Write out the opening lines of the data word for word, up to and including the line with "鹽邊縣和愛鄉及其周邊的紅彝,他們的祖先是", and leave every picture and every later line out.
======== RECORDED DATA ========
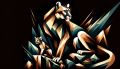 Cubist Interpretation of a Majestic Mountain Lion and Cub
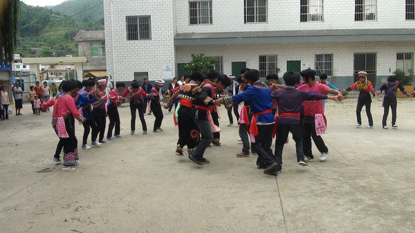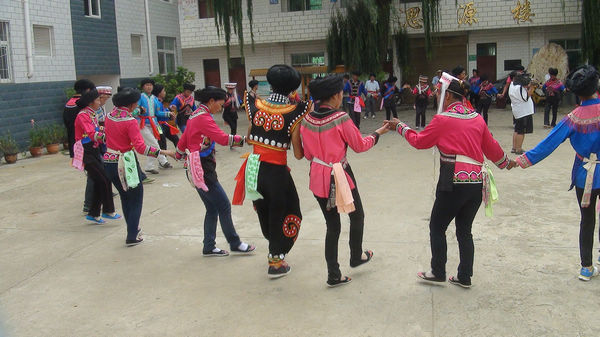 鹽邊縣和愛鄉及其周邊的紅彝,他們的祖先是明末清初從云南遷入四川的。“紅彝蹀腳舞”(又稱“踢腳舞”),是紅彝口傳身授一代一代流傳下來的一種集體舞蹈。婚、喪、嫁、娶、生產勞作、修房造屋、節日慶典等重要活動,人們都要聚在一起跳“蹀腳舞”。舞蹈時大家手拉手圍成圓圈,兩手上下甩動、跺腳、蹺腳、打合腳,甩手蹀腳,模仿“挖生地、背榨把、馬踢腳…”等動作,匯集了紅彝的打跳舞、豐收舞、拍手舞、迎客舞及“云南腳”、“姑娘腳”、“七腳”、“斑鳩吃水”、“蒼蠅搓腳”等步法,以竹笛伴奏,同時將山歌對唱融入舞蹈中,地方色彩濃郁。紅彝蹀腳舞由十三段舞曲組成。第一段大家樂,第二段小哥在云南、小妹在四川,第三段閃閃腳,第四段腳踢腳,第五段花兒開,第六段三步合腳,第七段龍擺尾,第八段背榨把,第九段大姨媽趕街,第十段對腳兩面三腳,第十一段彝山腳下,第十二段步步響,第十三段歡樂舞。調式明快,多四二拍與四三拍混合組成曲子,曲調或高亢激烈,或婉轉回旋,節奏時而緊迫、時而緩慢,舞者按曲調變化緊緊相隨,不斷變換動作和步伐,具有本民族鮮明的藝術個性和濃郁的地方特色。
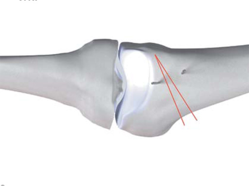 Distal femoral varus osteotomyThe goal of distal femoral varus osteotomy is to shift the mechanical leg axis from the lateral to the medial compartment. There are various possibilities for surgical correction of valgus malalignment. Open wedge lateral osteotomy or dome osteotomies of the distal femur have been widely used in recent years. Unfortunately, local complaints occurred in many cases mostly caused by the fixation methods (ie, frequent irritations of the iliotibial tract and loss of correction). Therefore new improved surgical technique based on an incomplete medial closing wedge osteotomy with an internal plate fixator was developed.
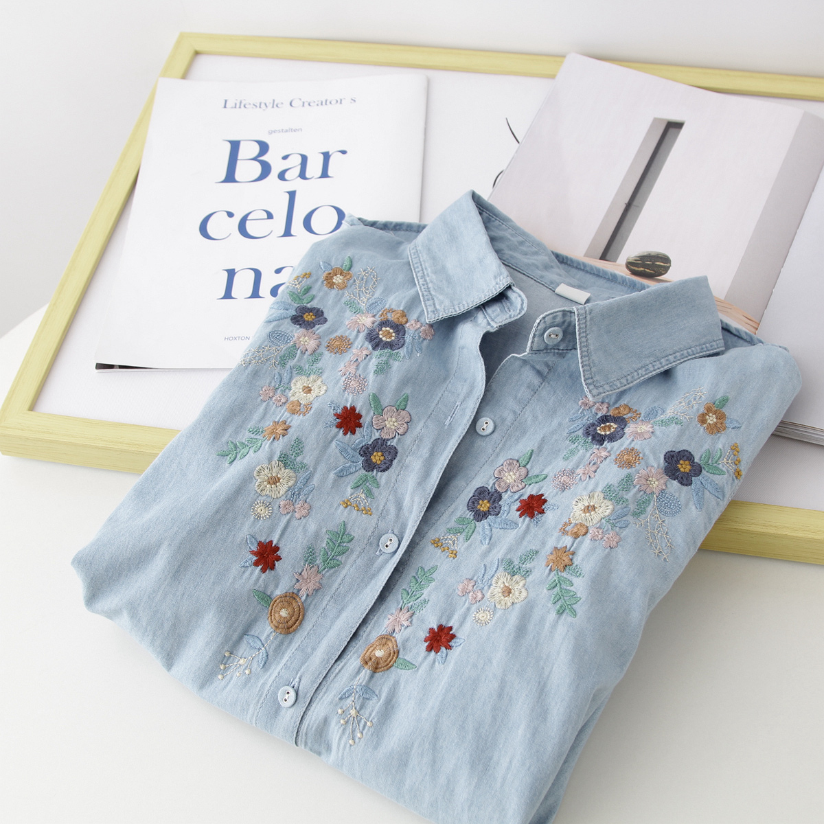 经典复古街头水系刺绣牛仔外套女长袖衬衫港风清新春秋精致小众
========
» **WRITTEN REPLY**:
 Cubist Interpretation of a Majestic Mountain Lion and Cub
 鹽邊縣和愛鄉及其周邊的紅彝,他們的祖先是明末清初從云南遷入四川的。“紅彝蹀腳舞”(又稱“踢腳舞”),是紅彝口傳身授一代一代流傳下來的一種集體舞蹈。婚、喪、嫁、娶、生產勞作、修房造屋、節日慶典等重要活動,人們都要聚在一起跳“蹀腳舞”。舞蹈時大家手拉手圍成圓圈,兩手上下甩動、跺腳、蹺腳、打合腳,甩手蹀腳,模仿“挖生地、背榨把、馬踢腳…”等動作,匯集了紅彝的打跳舞、豐收舞、拍手舞、迎客舞及“云南腳”、“姑娘腳”、“七腳”、“斑鳩吃水”、“蒼蠅搓腳”等步法,以竹笛伴奏,同時將山歌對唱融入舞蹈中,地方色彩濃郁。紅彝蹀腳舞由十三段舞曲組成。第一段大家樂,第二段小哥在云南、小妹在四川,第三段閃閃腳,第四段腳踢腳,第五段花兒開,第六段三步合腳,第七段龍擺尾,第八段背榨把,第九段大姨媽趕街,第十段對腳兩面三腳,第十一段彝山腳下,第十二段步步響,第十三段歡樂舞。調式明快,多四二拍與四三拍混合組成曲子,曲調或高亢激烈,或婉轉回旋,節奏時而緊迫、時而緩慢,舞者按曲調變化緊緊相隨,不斷變換動作和步伐,具有本民族鮮明的藝術個性和濃郁的地方特色。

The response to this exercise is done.